2. Materials and Methods

2.1. The Workpiece

In this experiment, a 0.6 mm nickel–titanium superelastic alloy (NiTi 50-50) was used as the workpiece. It was subjected to changes in external temperature and mechanical pressure. There were two different crystal structure phases inside the material, namely austenite iron and Martensite iron. The memory and superelastic properties of the nickel–titanium alloy were achieved by the interaction of the two structures, and the superelastic nickel–titanium alloy was processed in this study. Superelastic means that the material could produce a strain far greater than the elastic ultimate strain under the action of external force, and could automatically recover after the external force was removed. In the original state, the applied stress induced the phase transformation of the granules, causing them to exhibit different mechanical properties from the general materials, and to no longer obey Hooke’s law. The chemical composition of the nickel–titanium alloy (NiTi 50-50) is shown in Table 1.

2.2. Experiment Setup

The experimental setup is shown in Figure 1. In this experiment, a Mitsubishi EA8 EDM machine was used as the moving platform, as shown in Figure 2. The two PMMA clamps were used to fix the tungsten wire electrode and the Nitinol workpiece. The positive electrode was connected to the workpiece, and the negative electrode was connected to the tungsten wire; both were placed in the electrolyte in a cantilever manner. The electrolyte was contained in an ultrasonic oscillating machine, and a circulating motor and a filter were additionally placed in the oscillating machine for circulation and filtration. Both the ultrasonic oscillator and the workpiece cantilever were fixed on the processing platform of the EDM machine. Before starting, an initial machining gap of 0.025 mm was reserved between the electrode and the workpiece. The machining process is shown in Figure 3, and the machining parameters are shown in Table 2.

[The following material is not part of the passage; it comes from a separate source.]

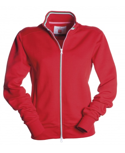 Women’s fitted sweatshirt with full, contrasting three-coloured plastic SBS zip with double metal pull, rib collar with contrasting trim, fitted sleeves, two outer pockets, stretch rib cuffs and hem, reinforced seams

2.3. Observation and Measurement

The finishing products were observed and measured with a uEye UI CCD camera and OPTEM Zoom 125C lens. A description of the measurement is shown in Figure 4. On the other hand, fine surface structure observation was performed with a scanning electron microscope (SEM). In addition, surface element distribution after machining was analyzed using energy-dispersive X-ray spectroscopy (EDS).

3. Results and Discussion

3.1. Effect of Electrolyte on Slot Width

The electrolyte is one of the most important parameters in ECM process. The characteristics of different electrolytes or different electrolytic parameter setups can majorly effect the electrochemical dissolution behavior. Thus, it was crucial to study the machining condition under various electrolyte setups. In this experiment, an electrolyte mixture of sodium nitrate and sodium chloride was used, and the process was studied for the influence of processing characteristics of different concentrations. The experimental parameters were set to electrolyte concentrations of 0.5, 1.0, 1.5, 2.0, and 2.5 wt. %, and these were processed under the same processing conditions to compare the variation of the processed microgroove width and geometric shape.
The experimental results showed that as the electrolyte concentration increased, the groove width of the processing tank also increased. However, when the electrolyte concentration was 0.5 wt %, the removal of the processing groove was uneven, as shown in Figure 5a. It was speculated that under this processing parameter, the polarization phenomenon of the interelectrode electrolyte was gradually amplified as the electrolyte concentration gradually decreased, and reached a stable processing critical concentration at 1.0 wt %, as shown in Figure 6.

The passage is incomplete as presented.